[Record excerpts]
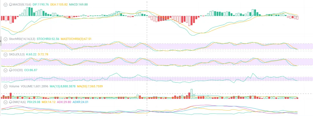 磨吧磨!一条预警都没有,前面几轮熊市可是密集预警了很多很多次!说明这里离真正的大抵抗还早!日级macd(8 15 6)连续4天死叉了,日级stochrsi和日级skdj继续死叉向下且到了20以下!完全到峰顶的可能性非常大。这里需要连续3天有效跌破日线kc下轨来确认完全到达峰顶!日级Volume需要一个放量下降,才算到阶段性大抵抗!
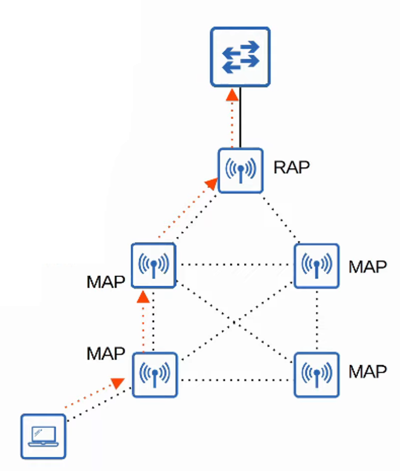 - At least ONE AP is connected to the WIRED NETWORK and it is called the RAP (ROOT ACCESS POINT)
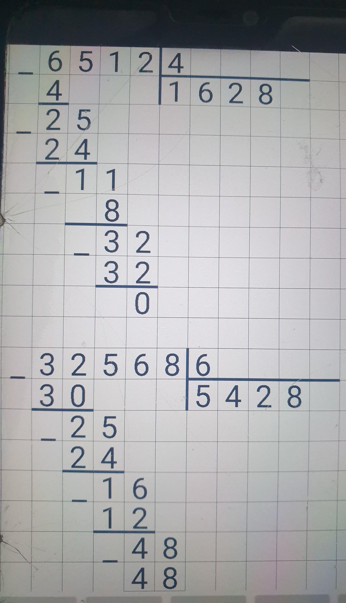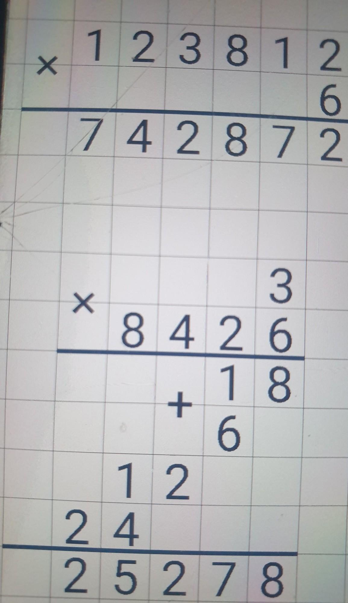 реши столбиком 123812 *6 =?, 3 * 8426 =?, 6512 :4=?, 32568 :6=?, 156-96 :(12 :4): 2=?
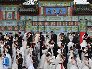 广东肇庆百对新人参加接吻比赛
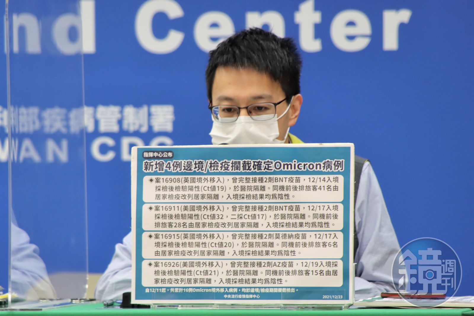 羅一鈞指出,目前16例Omicron病例都是突破性感染,無症狀有7例,輕症有9例,沒有發現嚴重病症。今天公布的4例案16908病毒量較高,Ct值19;案16911第一次採檢時Ct值較高為32,不過二採病毒量高,Ct值19只有17,傳染力比較強。
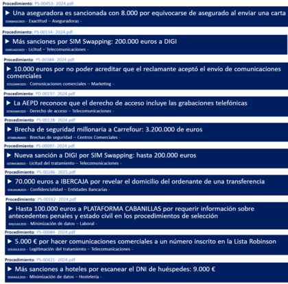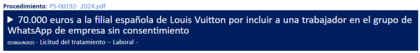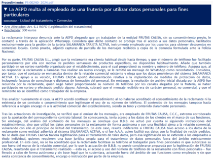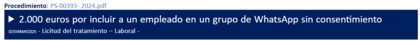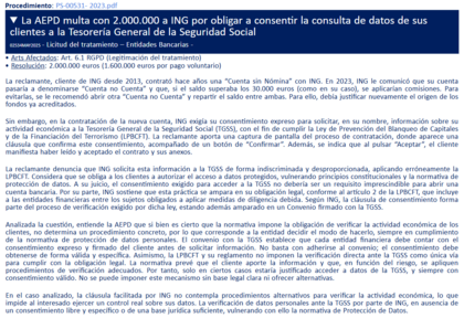 Otra Resolución de la AEPD de mayo 2025 (aunque los hechos datan de 2023) acabó en multita de ná, dos millones de euros, a los INGratos: (supongo que esto ya lo tendrán totalmente subsanado) Y otra, en fin, a un empleado de una frutería 🍎🍉🍌de Salamanca por enviar WhatsApp a una clienta sin contar con su previo consentimiento expreso. Fue simbólica la sanción, 300 €, pero le cayó... Relacionado también con WhatsApp (solo lo titulares, sin sinopsis o resumen): Un puñado más, y de lo más variopinto:
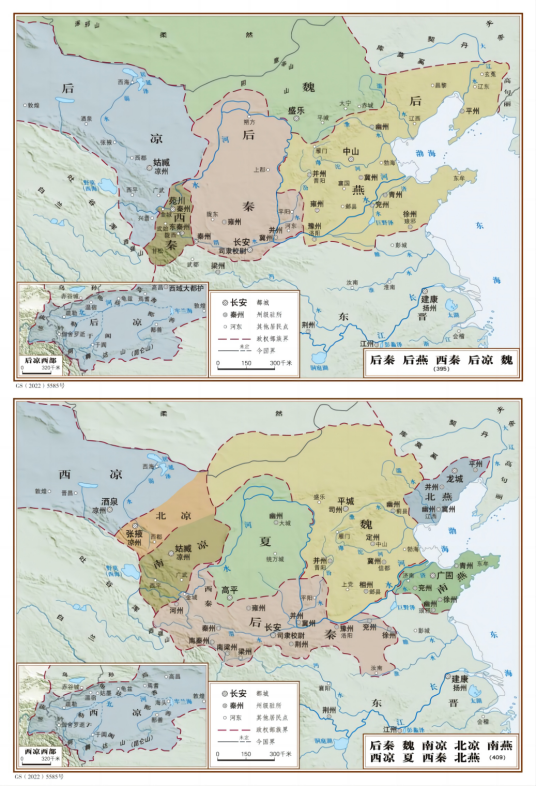 征服陇西之后,姚兴的兵马越过黄河继续西进,先后消灭后凉,逼降南凉、北凉和西凉,占据西方重镇姑臧(今甘肃武威)。这样,后秦的疆域“南至汉川,东逾汝颍,西控西河,北守上郡”(《读史方舆纪要》),成为十六国后期国力仅次于后燕的强盛王朝。
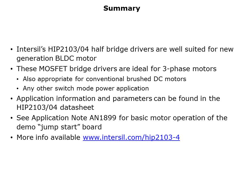 In summary, Renesas' HIP2103 and HIP2104 are half bridge drivers designed for applications using DC motors, 3-phase brushless DC motors, or other similar loads. Application information and parameters can be found in the HIP2103/04 datasheet and application note AN1899. More information on both drivers can be found on Renesas' website at https://www.renesas.com/us/en.
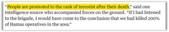 用某位以色列情报人员的话来说,这些无辜的死难平民还可能被军方贴上子虚乌有的政治标签,然后被算进哈马斯阵亡人员的名单。
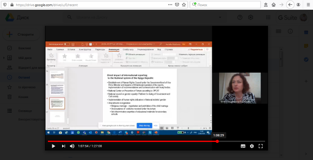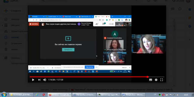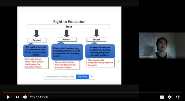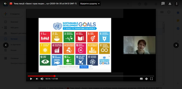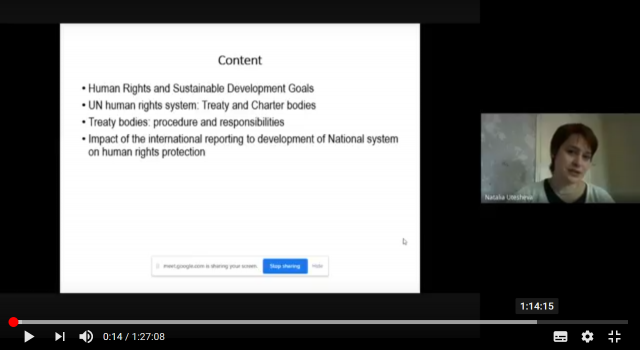 У віртуальний український простір включиласть лектор з Лондона – Утєшева Наталія – консультант з питань прав людини та недискримінації в Управлінні Верховного Комісару з прав людини ООН для Центральної Азії, докторант Університету Кінгстон (Лондон, Великобританія). В ході лекції було розглянуто взаємозалежність між правами людини та цілями сталого розвитку; система захисту прав людини ООН та вплив цієї організації на національний розвиток захисту прав людини. Слухачі познайомились із системою важелів і противаг в питаннях дотримання прав людини та методами оцінки її ефективності. |
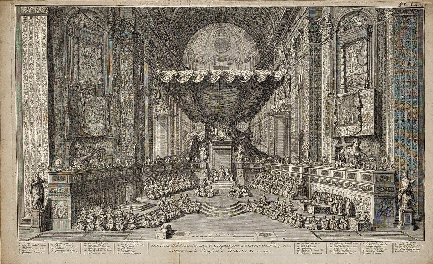 Théâtre dressé dans l'église Saint Pierre pour la canonisation de quelques saints sous le Pontificat de Clément XI en 1712 (sic)
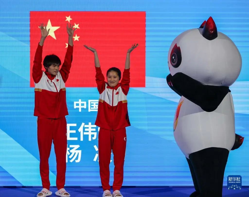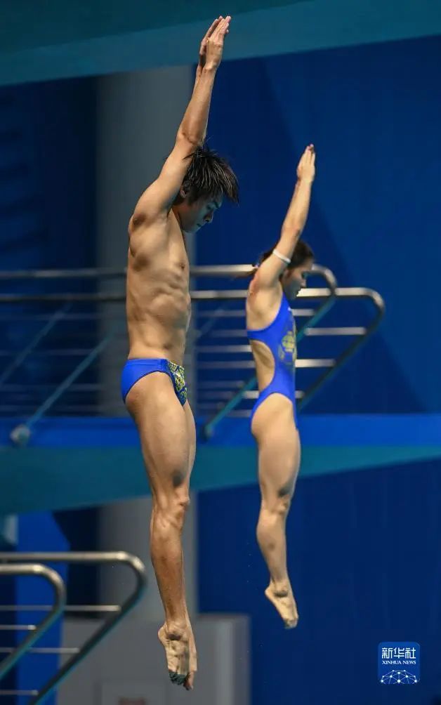我校学子杨凌搭档华南理工大学学生王伟莹,出战跳水混双三米板决赛,他们凭借默契的配合及超群的实力,在五轮比赛中一路领先,最终以总分328.20分轻松夺冠。
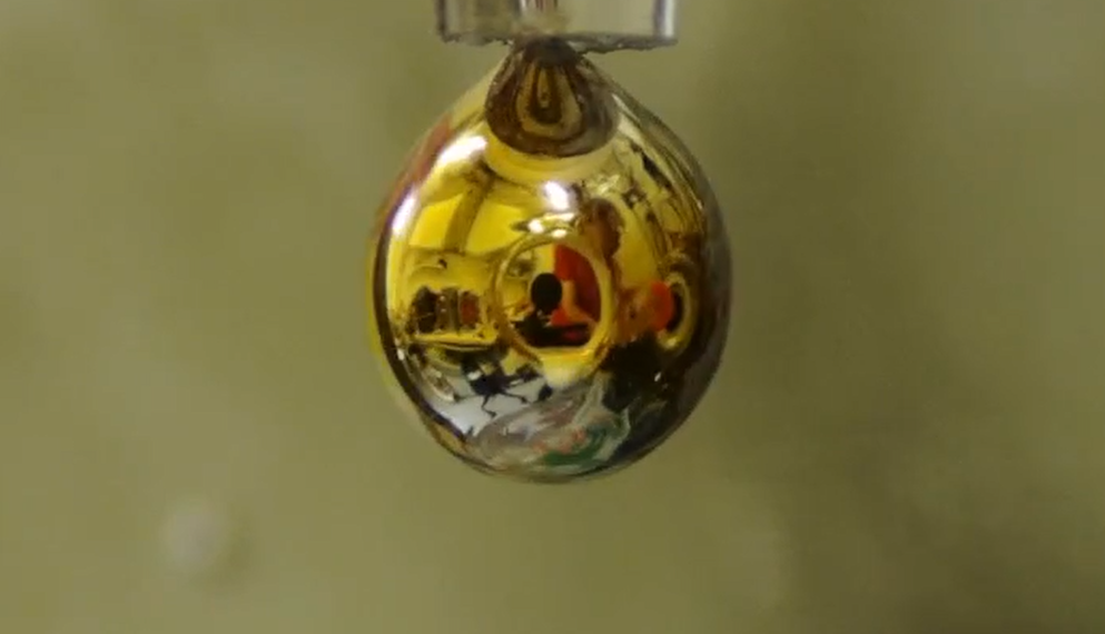 Inside a vacuum chamber, the researchers exposed a drop of sodium-potassium alloy to a small amount of water vapor, which began to condense on its surface. The electrons liberated from the alkali metal dissolved in the layer of water on the surface faster than the chemical reaction that results in the explosion. There were a sufficient number of them to overcome the critical limit for the formation of a conduction band and thus give rise to a metallic water solution, which in addition to the electrons also contained dissolved alkali cations and chemically formed hydroxide and hydrogen.
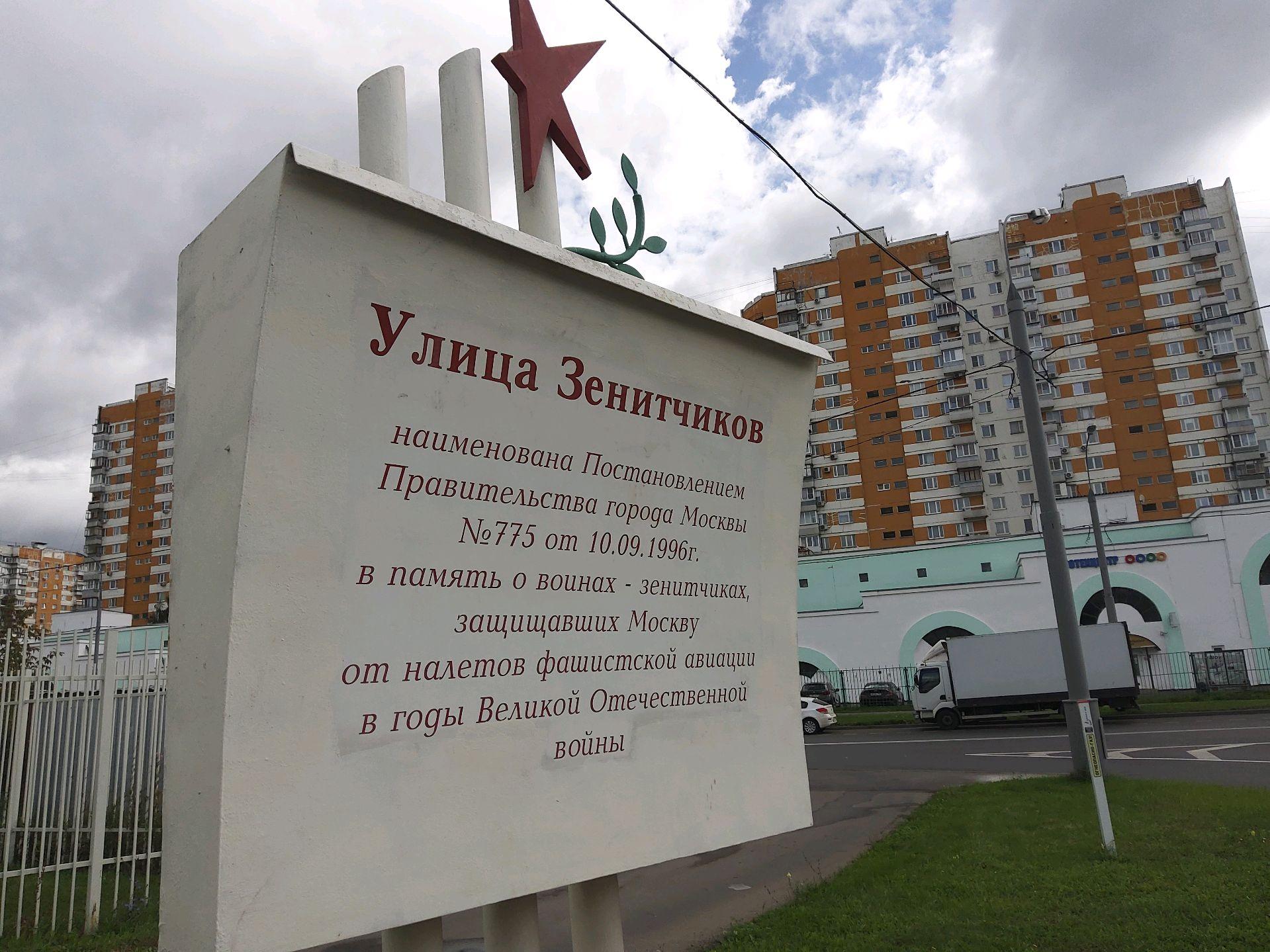 Название улица получила в 1996 году в честь дивизии ПВО, штаб которой располагался в деревне Митино. В память об этом на пересечении улиц Зенитчиков и Дубравная установлена памятная стела.
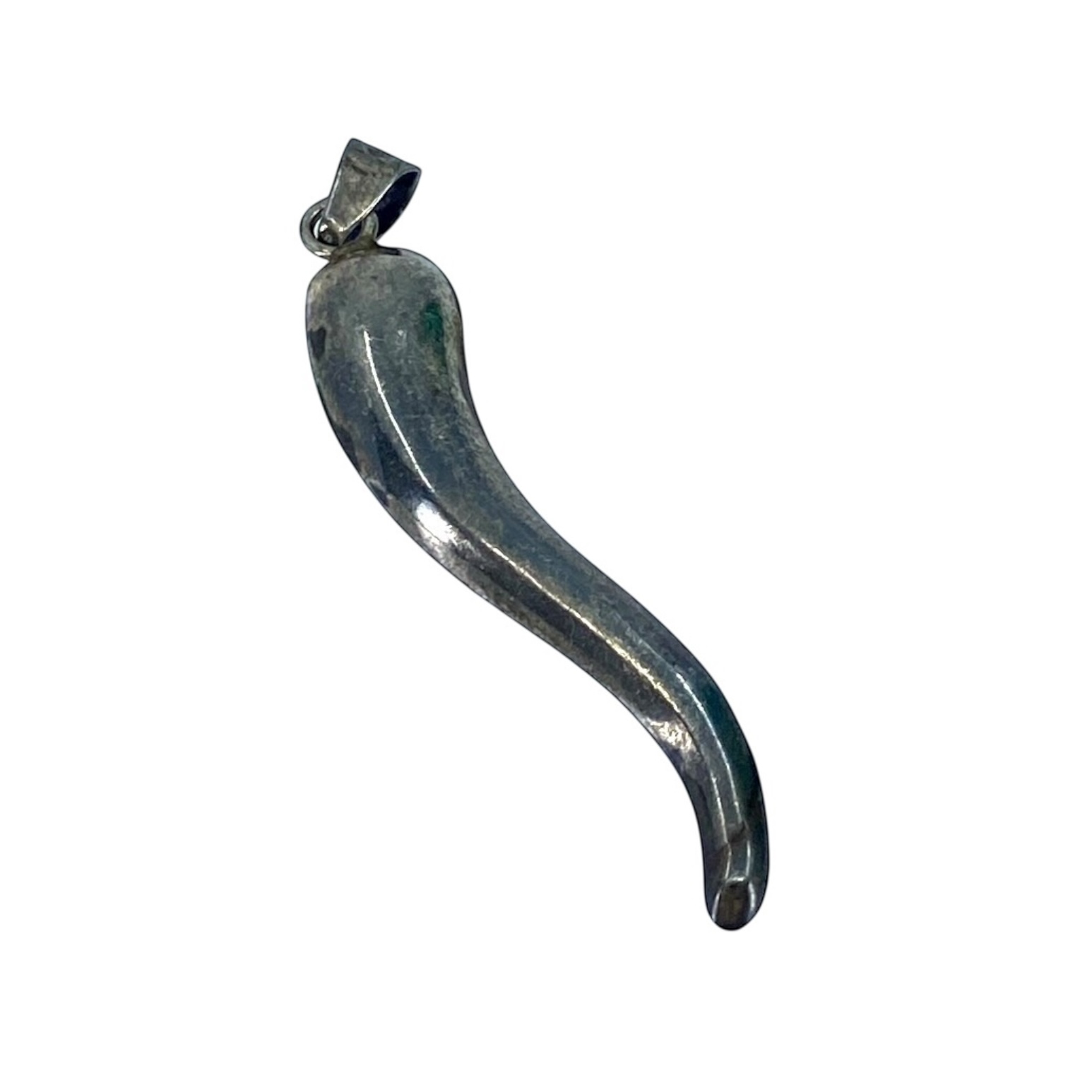 Vintage Italian Horn Sterling Silver Pendant, 2.23g, Engraved Hallmark
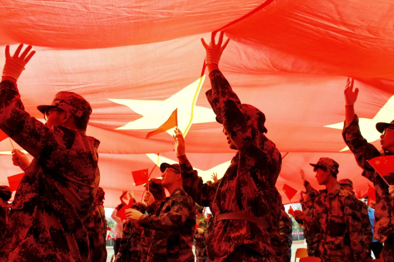 口号嘹亮震天响步伐有力踏前方一腔热血筹壮志旌旗所指披荣光
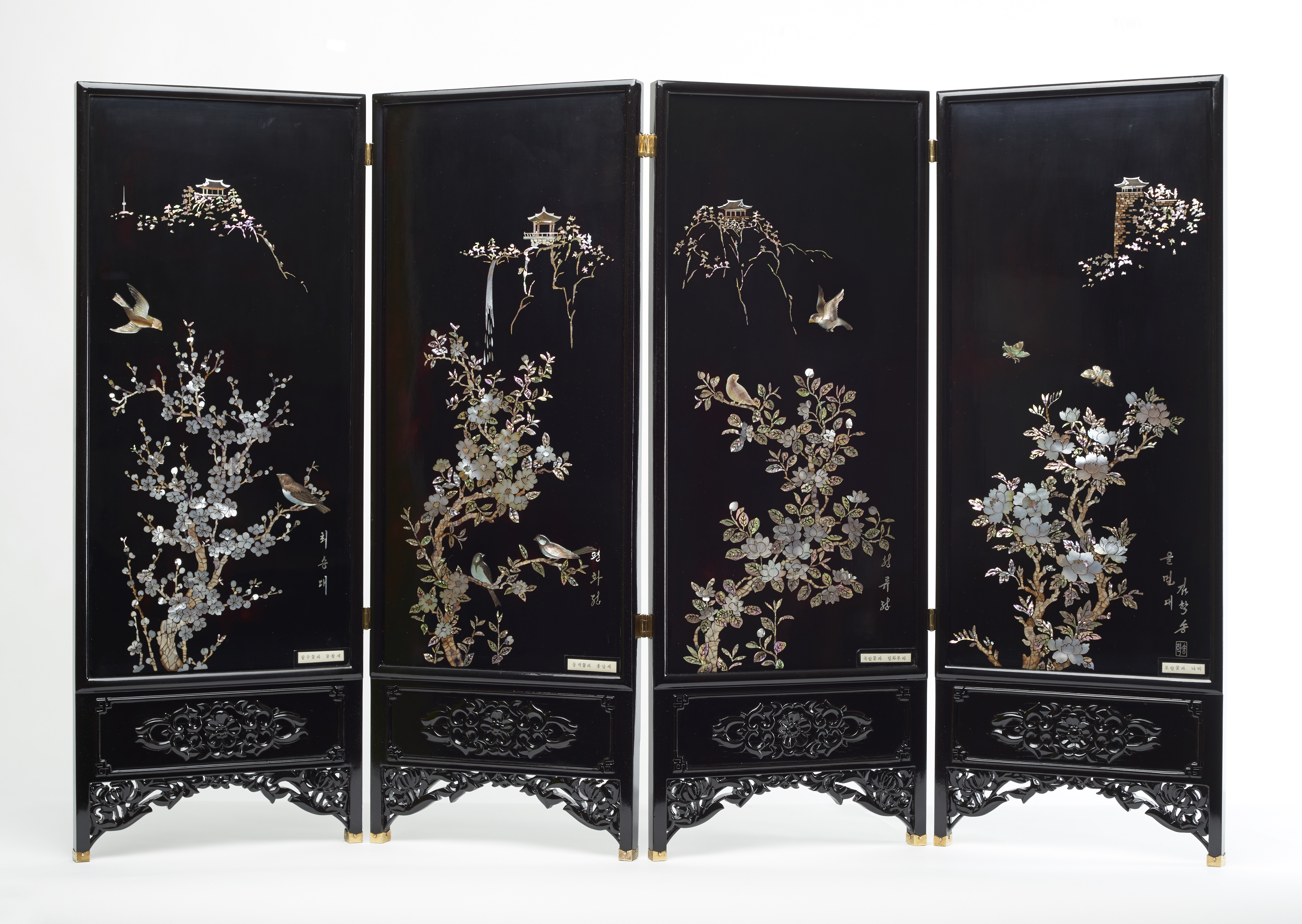 ◇문익환 목사가 김일성 주석에게 선물받은 화조문 자개병풍(김학송 작, 1980년대말, 104*68cm). 2019년 파손부를 접합하고 옻칠을 새로 하여 원래의 모습을 되찾았다.
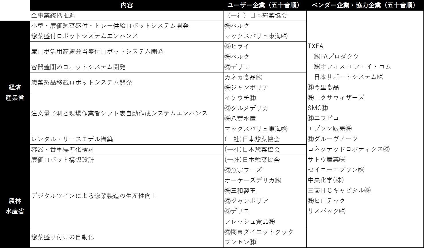 これらの課題を解決するため、惣菜製造で最も人手のかかる惣菜盛り付け作業など、全惣菜製造企業が共通して困っている課題に対して、多くの企業がバラバラに重複した開発を行うのではなく、共通課題解決に必要な機能を実現するための要素技術において、トップクラスの技術を持つ企業が集まって解決します。更に、技術の合本だけでなく、ユーザーの資本の合本により、開発費や設計費を折半し、一企業が負担する開発費の低減を実現します。

[Exercise objective]
What's needed is an exact copy of the lines above from the one with "Théâtre dressé dans" through the one with "我校学子杨凌搭档华南理工大学", both included; the pictures stay out.

[Reply]
 Théâtre dressé dans l'église Saint Pierre pour la canonisation de quelques saints sous le Pontificat de Clément XI en 1712 (sic)
我校学子杨凌搭档华南理工大学学生王伟莹,出战跳水混双三米板决赛,他们凭借默契的配合及超群的实力,在五轮比赛中一路领先,最终以总分328.20分轻松夺冠。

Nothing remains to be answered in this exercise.